What does everyone use for lift pumps? I have been using the Liberty LE-51A or sometimes LE-41 for about ten years with no problems. Lately though I (and one other local plumber) have been having these ghost float switch issues. It’s only 2 or 3 pumps that I know of, but it’s been persistent and almost impossible to recreate. Same thing every time, the homeowner will discover the pump is not working, then either unplug the float and plug the pump in directly, or shake the discharge, and the pump will kick on and empty the crock.

The issue is almost impossible to recreate, and in one instance the other plumber replaced the pump and the problems persisted. He actually hired us to come over and give a second opinion, I did a thorough inspection and found nothing wrong, this was in a fairly new crock as well. In the past the Liberty float switches have been bulletproof, but when they go bad they completely die. These float switches are new(ish), so I don’t know if Liberty has a defective batch of float switches or if it’s just a fluke. Anyone else having any issues?


----------



## hewhodigsholes (Oct 28, 2020)

The reliability went way down when they switched to mechanical float switches. Something about defective microswitches or whatnot.

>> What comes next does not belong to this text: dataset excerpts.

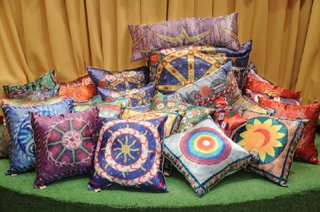 Це яскрава і приємна підбірка декоративних шовкових подушок, наповнена барвами і прадавніми символами в авторській інтерпретації художниці. Раніше прикрашала виставки Рудницької в Україні та світі. А ще думочки Анжеліка дарувала друзям, тому їх часто можна зустріти в оселях відомих українців. Нині ж кожен може зробити собі приємність - прикрасити свій дім гарними подушечками і допомогти пораненим військовим.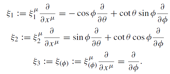 The latter vector generates rotation around a z-axis passing through the north θ = 0 and south θ = π poles of the black hole.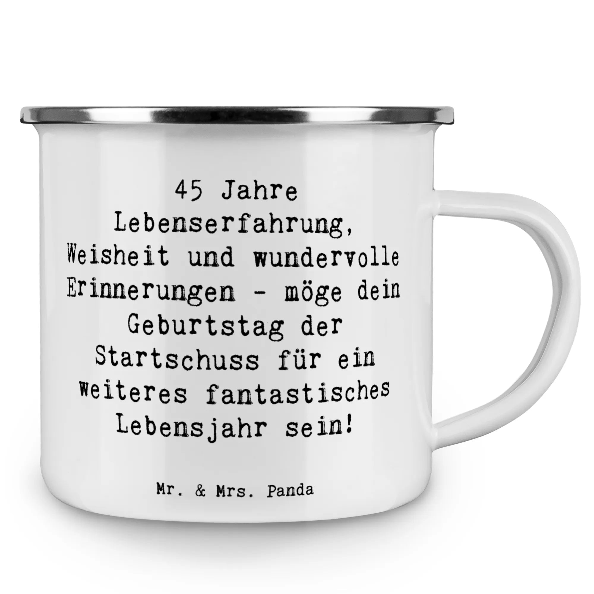 Die Camping Emaille Tasse von Mr. & Mrs. Panda ist das perfekte Geschenk für alle, die ihren 45. Geburtstag gebührend feiern möchten! Mit dem liebevollen Motiv und dem Spruch "45 Jahre Lebenserfahrung, Weisheit und wundervolle Erinnerungen - möge dein Geburtstag der Startschuss für ein weiteres fantastisches Lebensjahr sein!" ist sie nicht nur eine praktische Beigabe beim nächsten Campingausflug, sondern auch eine wunderschöne Erinnerung. Gefertigt aus kratzfester Emaille, überzeugt diese Tasse mit ihrer hohen Resistenz gegen Korrosion und ist der ideale Begleiter für heiße sowie kalte Getränke.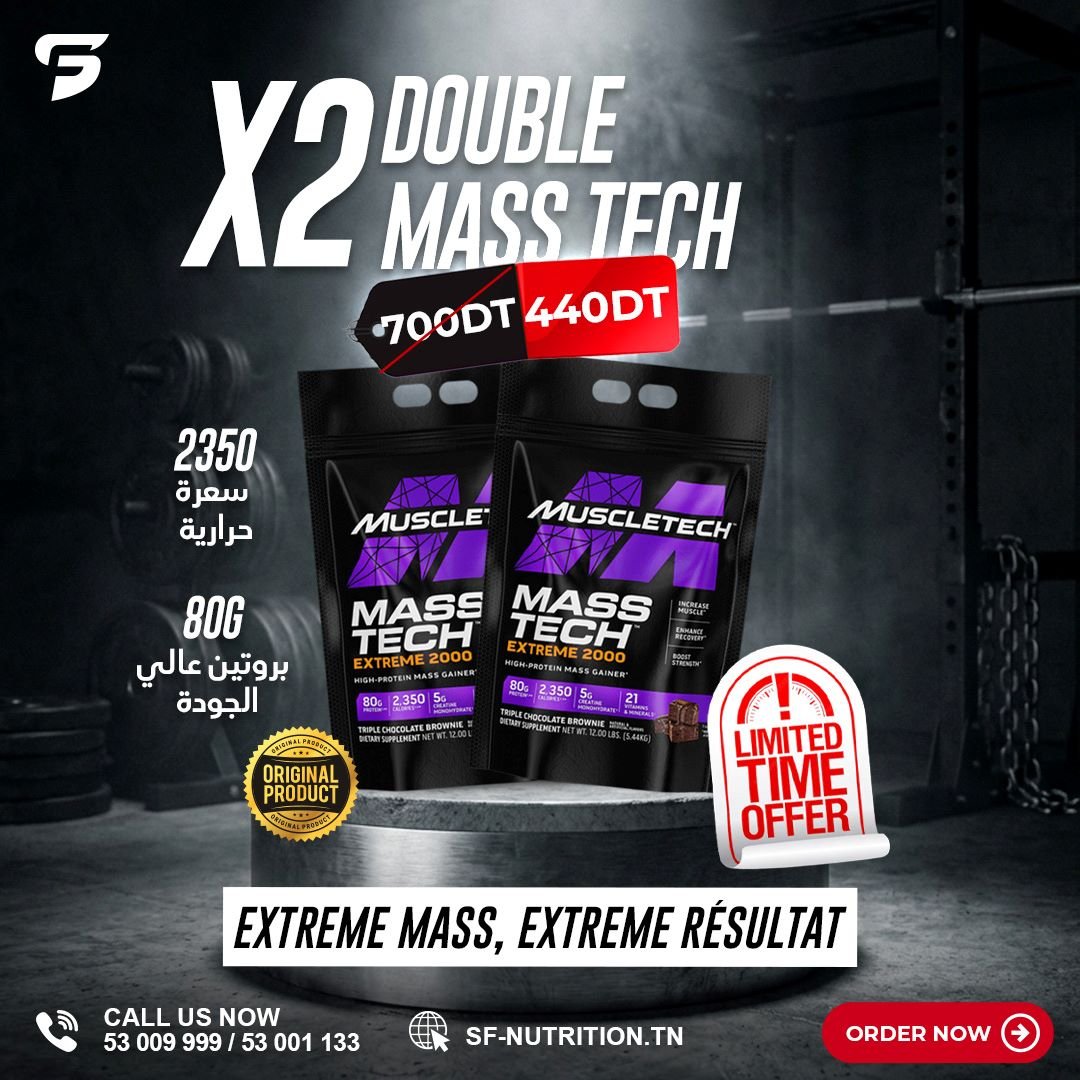 2X Double Mass Tech Extreme 2000 est un pack explosif pour prendre du poids, booster les performances et maximiser la récupération.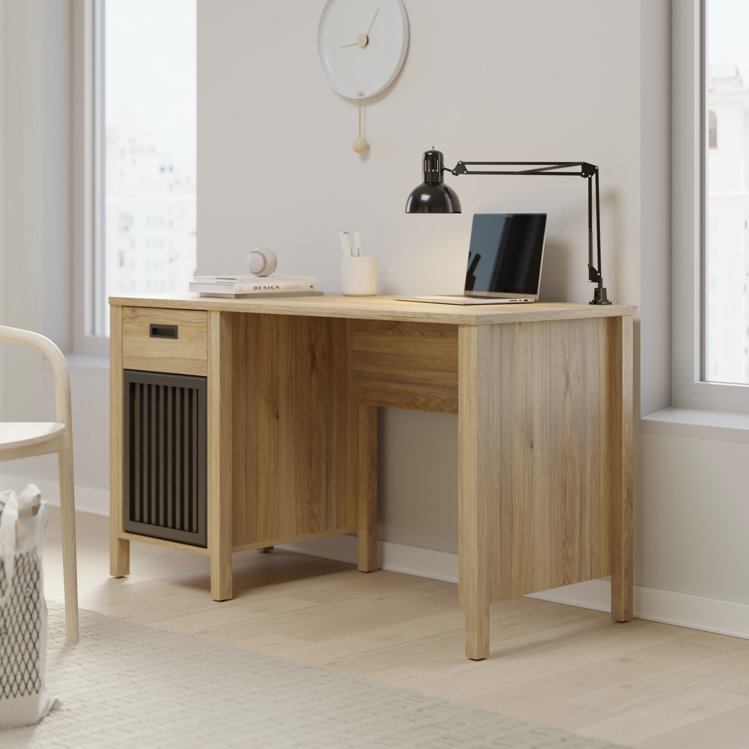 Die Garderobe verfügt über insgesamt zwei Drehtüren sowie eine Schiebetür, die für eine einfache Handhabung sorgen. Im Inneren bietet die >JYTANA< zahlreiche Ablagemöglichkeiten, darunter sechs kleine Einlegeböden, eine große Ablagefläche und eine praktische Kleiderstange. Damit eignet sich die Garderobe nicht nur für die Aufbewahrung von Kleidung, sondern auch für Accessoires und andere Gegenstände. Die Rückwand besteht aus einer lackierten HDF-Platte, die für Stabilität sorgt und das Gesamtbild abrundet. Die Füße aus Mauvella Eiche und die Metallgriffe setzen zusätzlich Akzente und machen die Garderobe zu einem echten Hingucker.

I prefer the SJE Rhombus Junior Single switches. They still use mercury contacts and are quite durable.


----------



## skoronesa (Oct 27, 2015)

We use Zoeller float switches which are rebranded Sje Rhombus.


----------



## skoronesa (Oct 27, 2015)

hewhodigsholes said:


> The reliability went way down when they switched to mechanical float switches. Something about defective microswitches or whatnot.
> 
> I prefer the SJE Rhombus Junior Single switches. They still use mercury contacts and are quite durable.

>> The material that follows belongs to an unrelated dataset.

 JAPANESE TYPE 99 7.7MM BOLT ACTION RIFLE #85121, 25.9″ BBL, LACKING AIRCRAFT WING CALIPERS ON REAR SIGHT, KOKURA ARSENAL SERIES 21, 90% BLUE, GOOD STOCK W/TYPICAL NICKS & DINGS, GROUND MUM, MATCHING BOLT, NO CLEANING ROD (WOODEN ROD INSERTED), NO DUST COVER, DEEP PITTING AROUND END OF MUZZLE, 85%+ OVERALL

Those are only rated for 5amps so you can't series wire them with a pump. I hope you're using control boxes or at least a contactor.


----------



## Master Mark (Aug 14, 2009)

The SJE Rombus switch is probably the best on the market...
We have just been buying the zoeller sewage pump only with no switch-- pump only
and been clamping that SJE switch on the 2 inch pipe.... as long as you drill a good
sized hole down low by the pump these seem to last a hell of a long time...


----------



## skoronesa (Oct 27, 2015)

Master Mark said:


> ............... as long as you drill a good
> sized hole down low by the pump these seem to last a hell of a long time...


Do you also aim it at the float so it blasts the grease globs off? I do


----------



## hewhodigsholes (Oct 28, 2020)

skoronesa said:


> Those are only rated for 5amps so you can't series wire them with a pump. I hope you're using control boxes or at least a contactor.


Just a statement in general. I use appropriate parts for the application at hand. Most of the time.


----------



## skoronesa (Oct 27, 2015)

hewhodigsholes said:


> Just a statement in general. I use appropriate parts for the application at hand. Most of the time.



Oh yeah sure! We know what you're really like


----------



## skoronesa (Oct 27, 2015)

I installed an LE-50 series today, it came with an SJE Rhombus float attached.


----------



## hewhodigsholes (Oct 28, 2020)

skoronesa said:


> I installed an LE-50 series today, it came with an SJE Rhombus float attached.


 Quite often they will come with an SJE Rhombus alarm box as well.


----------